Secondly, the programme offered to participants was self‐directed with no support other than through the information contained on the study's website. It has been demonstrated that unsupervised exercise programmes result in lower physical activity engagement, and a resultant decrease in muscular endurance and cardiovascular health, compared to supervised programmes (Fennell 2016). Furthermore, in a recent qualitative review of people's experience of living with PAD, the authors found that people lacked an understanding of how to effect important behaviour change (e.g. walking exercise) to reduce their risk of PAD disease progression (Abaraogu 2018) and fewer than half the people with IC were able to discuss the benefits of regular exercise (Harwood 2017). This finding supports the assumption that prehabilitation may not be an intervention that people with PAD would consider they could manage without support. Therefore, unsupervised programmes may be futile. Programmes that offer participants support, education about the benefits of exercise, and supervision are required.

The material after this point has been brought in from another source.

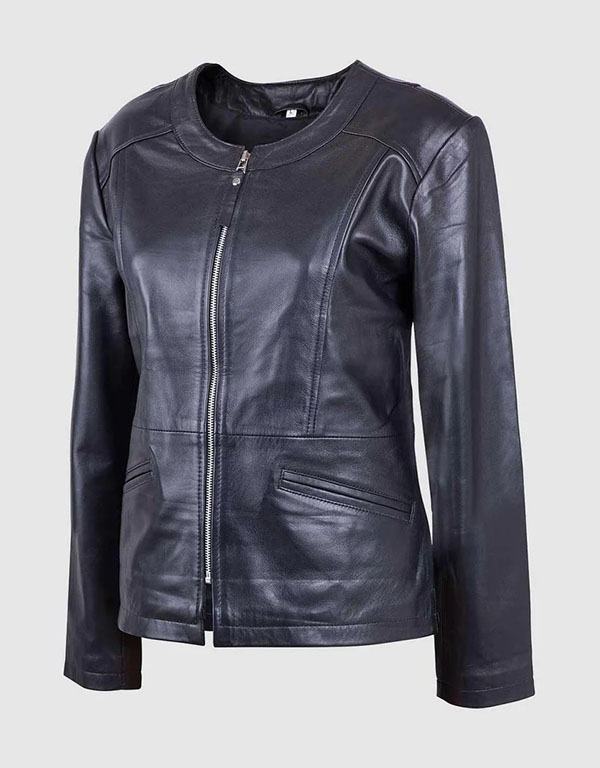 classic round neck black motorcycle jacket

Undertaking a randomised controlled trial (RCT) to assess the benefits of prehabilitation in the PAD population presents challenges due to the natural history of the condition. In the UK, surgery is not routinely performed on people with IC unless symptoms are severely limiting lifestyle and angioplasty has failed or is unsuitable (NICE 2012). For those who have progressed to CLI, greater than 50% of these people present as medical emergencies requiring surgical treatment to save either life or limb in a time‐critical period. Therefore, this raises several key challenges for undertaking prehabilitation research trials. Firstly, it may be difficult to identify suitable patients, in a timely way, for prehabilitation to be undertaken. People are, in the first instance, scheduled for an angioplasty and if this is unsuccessful, they often proceed to a bypass procedure during the same admission. This means that people would need to be approached and recruited to prehabilitation even though they may only undergo an angioplasty. Secondly, in order to achieve adequate power, the trial will need to be multi‐centred and will require considerable resources with full engagement of other major vascular centres. Thirdly, the exercise intervention needs further development as lower body exercise may not be feasible in all patients with PAD. Arm ergometry has been shown to improve the walking capacity of patients with IC through a combination of systemic and local skeletal adaptations (Treat‐Jacobson 2009). However, programmes containing arm ergometry need further exploration to determine: the frequency, intensity, and duration of exercise to establish what people with PAD can manage; if patients adhere to the exercise regime; and if vascular centres typically have the equipment available for this type of training.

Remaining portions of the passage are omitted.